Keywords: colorectal cancer, EP4, miR-101, post-transcriptional regulation
Introduction
Colorectal cancer (CRC) is the second most common cause of cancer mortality in Western countries and claims > 50,000 lives a year in the United States alone.1 Approximately 70% of patients that are affected by colorectal cancer undergo surgical resection and 30–40% of these patients develop recurrent disease.2 The liver is the most common site of metastatic CRC and complete resection of hepatic metastases is the only curative option; however, surgery can only be performed on approximately 20% of patients at the time of diagnosis and 5-y survival rates average 25–40% despite adjuvant chemotherapy.3 Among patients with metastatic CRC receiving 5-flourouracil (5-FU) as first line chemotherapy and new medications such as Irinotecan, Xeloda, Oxaliplatin, Erbitux, and Avastin, the median time to progression is 8–9 mo and their mean survival is 15–20.5 mo.3–5 Thus it is mandatory to elucidate molecular mechanisms of the metastasis process to improve diagnosis and develop appropriate treatment modalities.

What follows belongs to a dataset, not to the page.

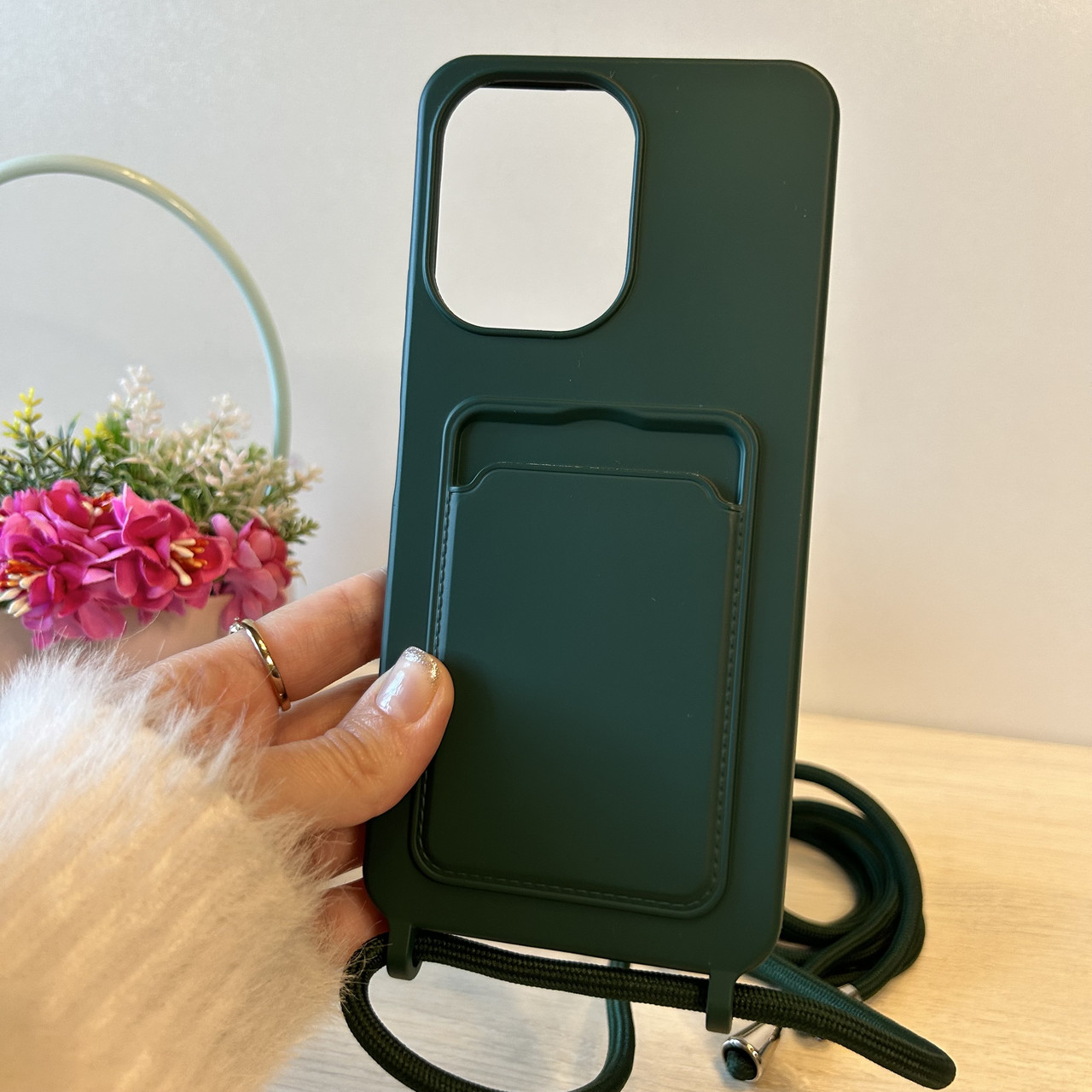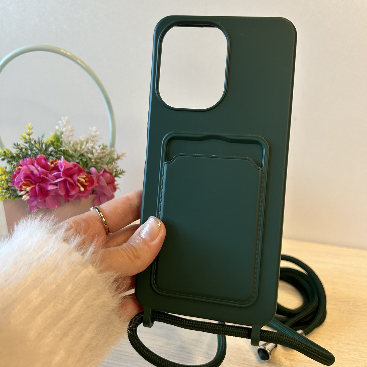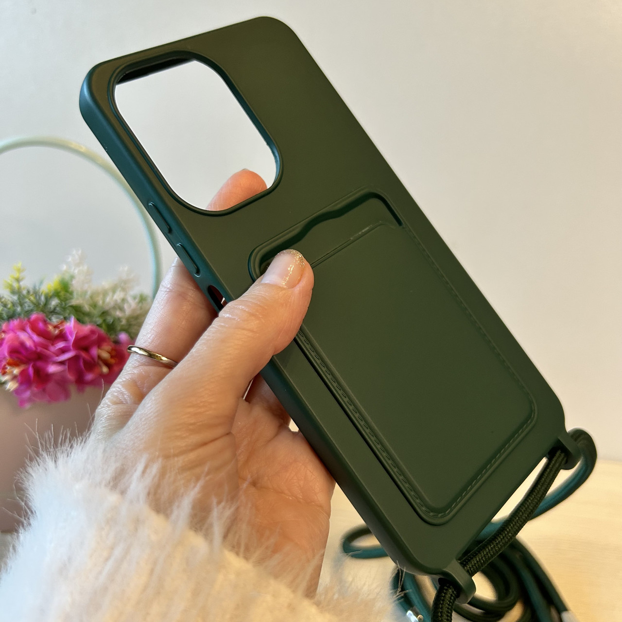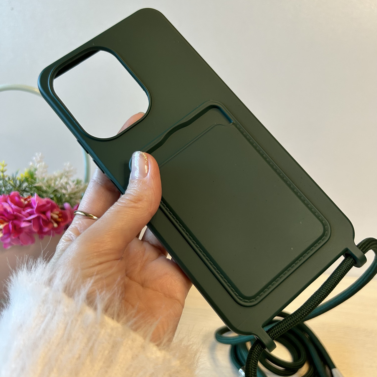 Чохол для Poco c65 силіконовий з ремінцем і кишенею під картки Wave Colorful зелений
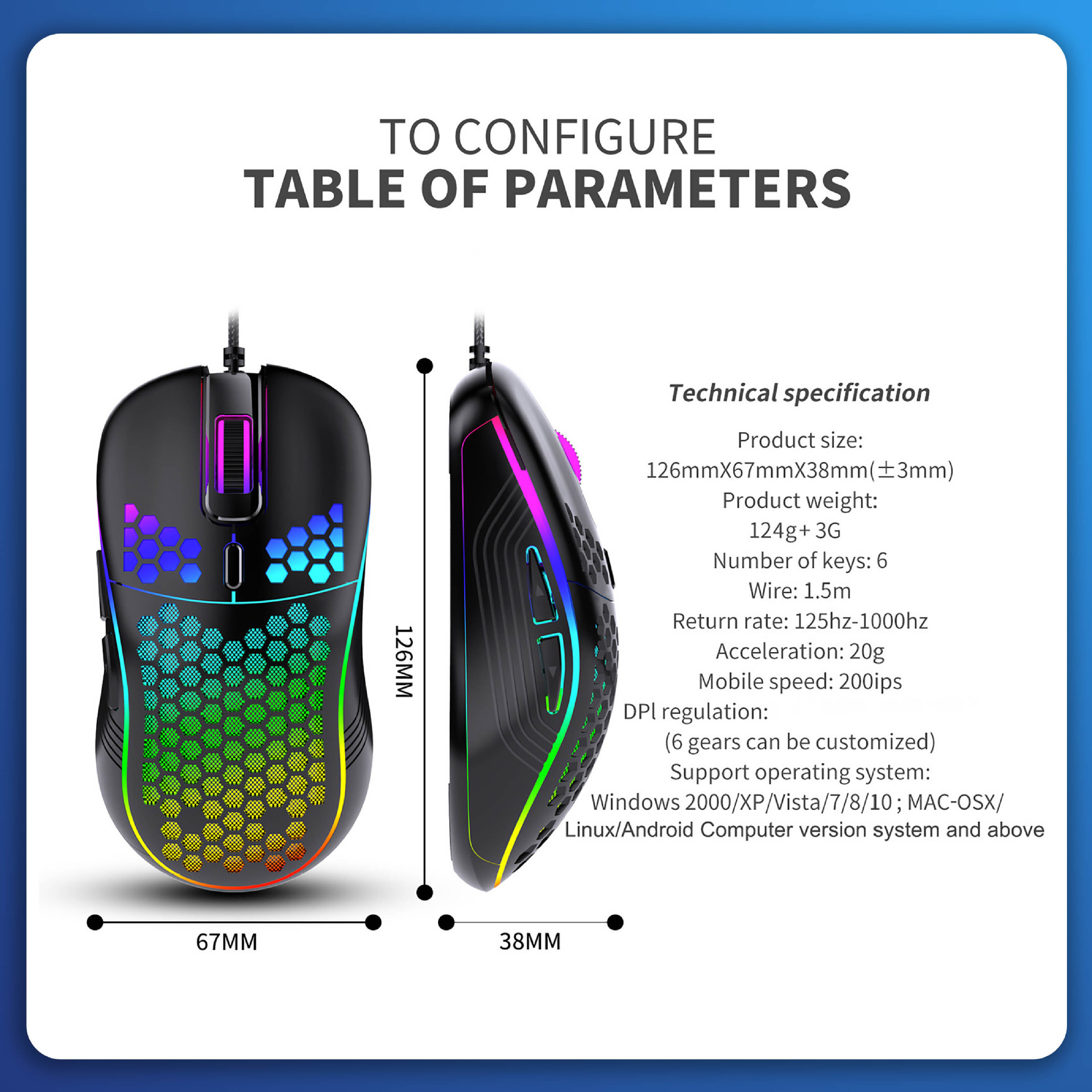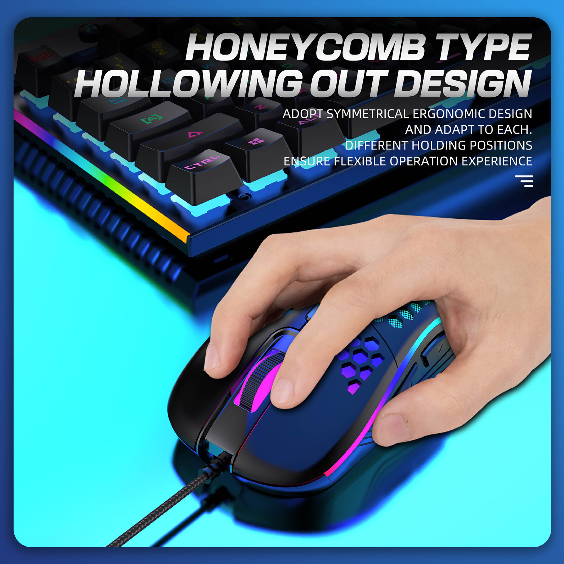 Cross-Border Rgb Light Usb Wired Perforated Rgb Light Usb Charging Mouse Hole Lightweight Type-C Charging

Several lines of evidence demonstrate the functional importance of overproduction of cyclooxygenase (COX)-2 and one of its major metabolites, PGE2 in many human cancers including colorectal cancers.6–8 Preclinical studies implicate both COX-2 and PGE2 in many hallmark characteristics of malignant disease including metastasis (reviewed in refs. 7 and 8). For example, in vitro studies show that PGE2 stimulates CRC cell proliferation and invasion as well as resistance to apoptosis.9–11 In addition, in vivo studies demonstrate that PGE2 can drive intestinal tumorigenesis in animal models of colon cancer (reviewed in ref. 12).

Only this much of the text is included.